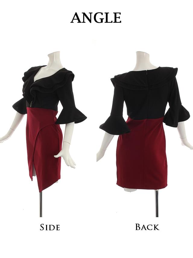 ☆カラバリ豊富なバイカラーミニドレスは五分袖で二の腕カバーができベルスリーブが手の動きを綺麗に見せてくれるタイトキャバドレス♪
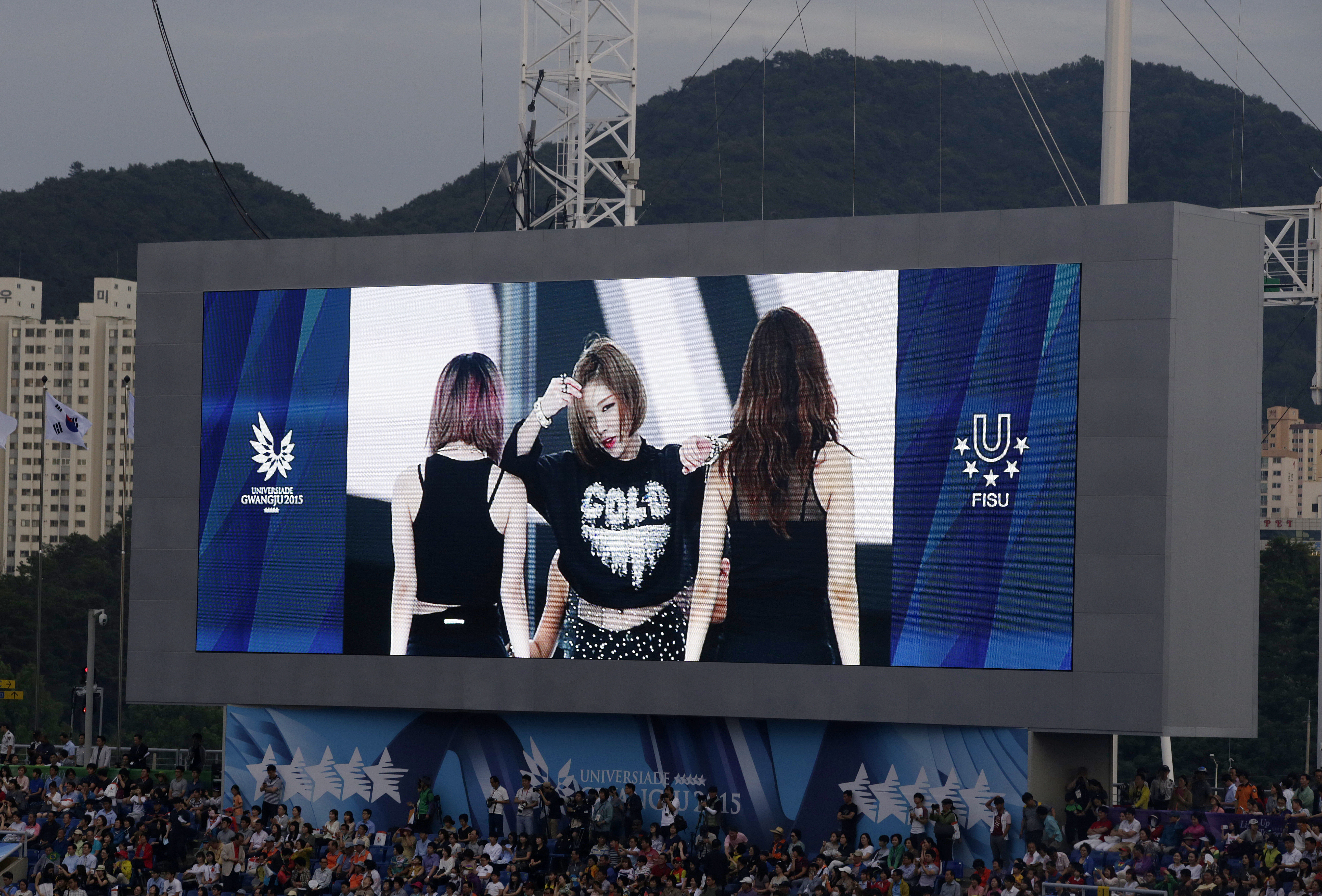 The Brown Eyed Girls are displayed on the video monitor inside Gwangju Universiade Main Stadium during the opening ceremony of the 28th World University Games July 3 in Gwangju, South Korea.
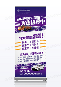 紫色简洁简约合法网约车司机火热招募中易拉宝展架

## Goal of the exercise
Please output the material above again, exactly, and omit every image.

## Task result
 ☆カラバリ豊富なバイカラーミニドレスは五分袖で二の腕カバーができベルスリーブが手の動きを綺麗に見せてくれるタイトキャバドレス♪
 The Brown Eyed Girls are displayed on the video monitor inside Gwangju Universiade Main Stadium during the opening ceremony of the 28th World University Games July 3 in Gwangju, South Korea.
 紫色简洁简约合法网约车司机火热招募中易拉宝展架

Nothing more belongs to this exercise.